● PROVIDED MATERIAL
"""
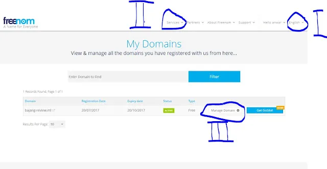 - bagian ke dua klik services nanti di sana akan muncul my domain apabila anda sudah login dan klik my domain tersebut dan tamilannya seperti gambar di atas
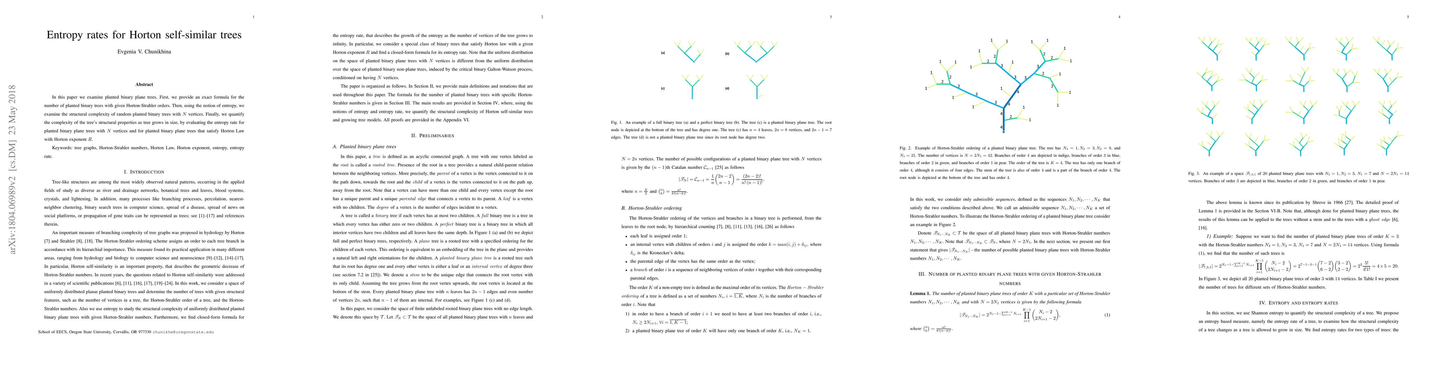 In this paper we examine planted binary plane trees. First, we provide an exact formula for the number of planted binary trees with given Horton-Strahler orders. Then, using the notion of entropy, we examine the structural complexity of random planted binary trees with N vertices. Finally, we quantify the complexity of the tree's structural properties as tree grows in size, by evaluating the entropy rate for planted binary plane trees with N vertices and for planted binary plane trees that satisfy Horton Law with Horton exponent R.
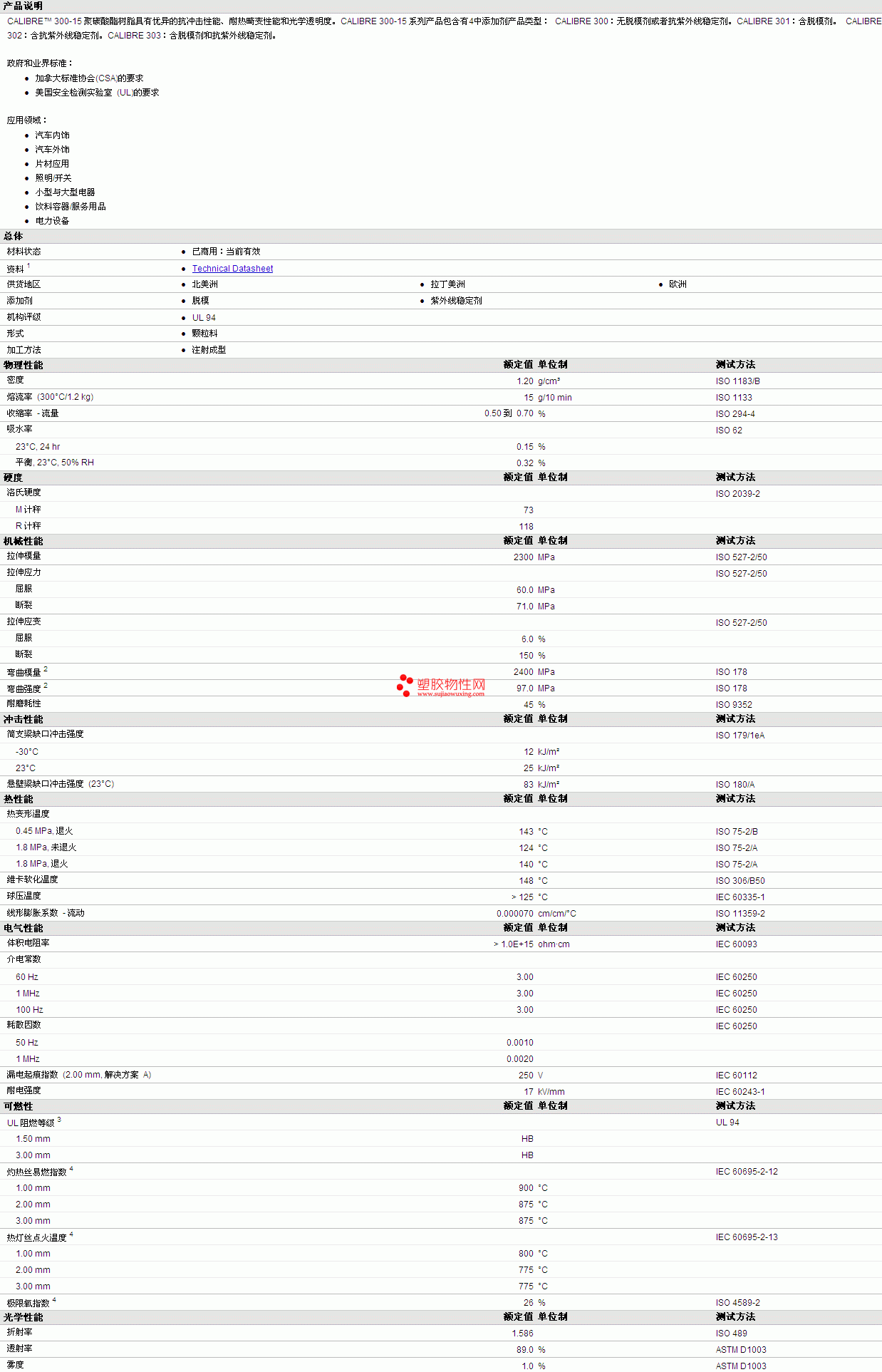 更多CALIBRE PC 303-15物性表图片,物质安全资料表(MSDS)、材质证明、UL黄卡等,最新行情报价等可来电咨询或QQ:767320520
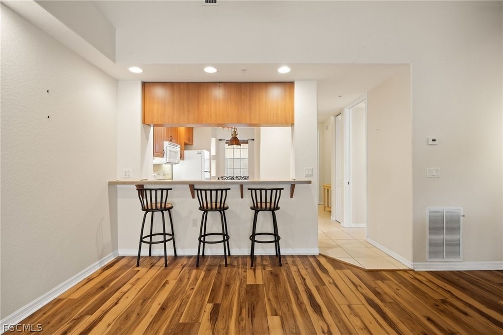 Step into this inviting 2-bedroom, 2-bathroom condo featuring a desirable split floor plan that offers comfort and privacy for both owners and guests. The spacious kitchen designed with functionality includes a cozy dinette, a breakfast bar, and plenty of storage, flowing seamlessly into the main living area. Enjoy the convenience of in-unit laundry and unwind on the screened balcony, perfect for morning coffee or evening relaxation. The primary en-suite provides a peaceful retreat with a walk-in closet, walk-in shower, and direct access to the lanai. A versatile flex room adds even more functionality-ideal for a home office, hobby space, or den. Located within a gated community, residents enjoy access to a heated pool, hot tub/spa, community room, billiards table, fitness center, and a scenic walking paths. Additional conveniences include a carport and a private storage closet, enhancing everyday ease. This well-designed home blends comfort, practicality, and great community amenities to build the lifestyle you've dreamed of-all at an affordable price. Welcome Home!
"""
● TASK STATEMENT
Without the pictures, repeat the listing above exactly.

● COMPLETED EXERCISE
 - bagian ke dua klik services nanti di sana akan muncul my domain apabila anda sudah login dan klik my domain tersebut dan tamilannya seperti gambar di atas
 In this paper we examine planted binary plane trees. First, we provide an exact formula for the number of planted binary trees with given Horton-Strahler orders. Then, using the notion of entropy, we examine the structural complexity of random planted binary trees with N vertices. Finally, we quantify the complexity of the tree's structural properties as tree grows in size, by evaluating the entropy rate for planted binary plane trees with N vertices and for planted binary plane trees that satisfy Horton Law with Horton exponent R.
 更多CALIBRE PC 303-15物性表图片,物质安全资料表(MSDS)、材质证明、UL黄卡等,最新行情报价等可来电咨询或QQ:767320520
 Step into this inviting 2-bedroom, 2-bathroom condo featuring a desirable split floor plan that offers comfort and privacy for both owners and guests. The spacious kitchen designed with functionality includes a cozy dinette, a breakfast bar, and plenty of storage, flowing seamlessly into the main living area. Enjoy the convenience of in-unit laundry and unwind on the screened balcony, perfect for morning coffee or evening relaxation. The primary en-suite provides a peaceful retreat with a walk-in closet, walk-in shower, and direct access to the lanai. A versatile flex room adds even more functionality-ideal for a home office, hobby space, or den. Located within a gated community, residents enjoy access to a heated pool, hot tub/spa, community room, billiards table, fitness center, and a scenic walking paths. Additional conveniences include a carport and a private storage closet, enhancing everyday ease. This well-designed home blends comfort, practicality, and great community amenities to build the lifestyle you've dreamed of-all at an affordable price. Welcome Home!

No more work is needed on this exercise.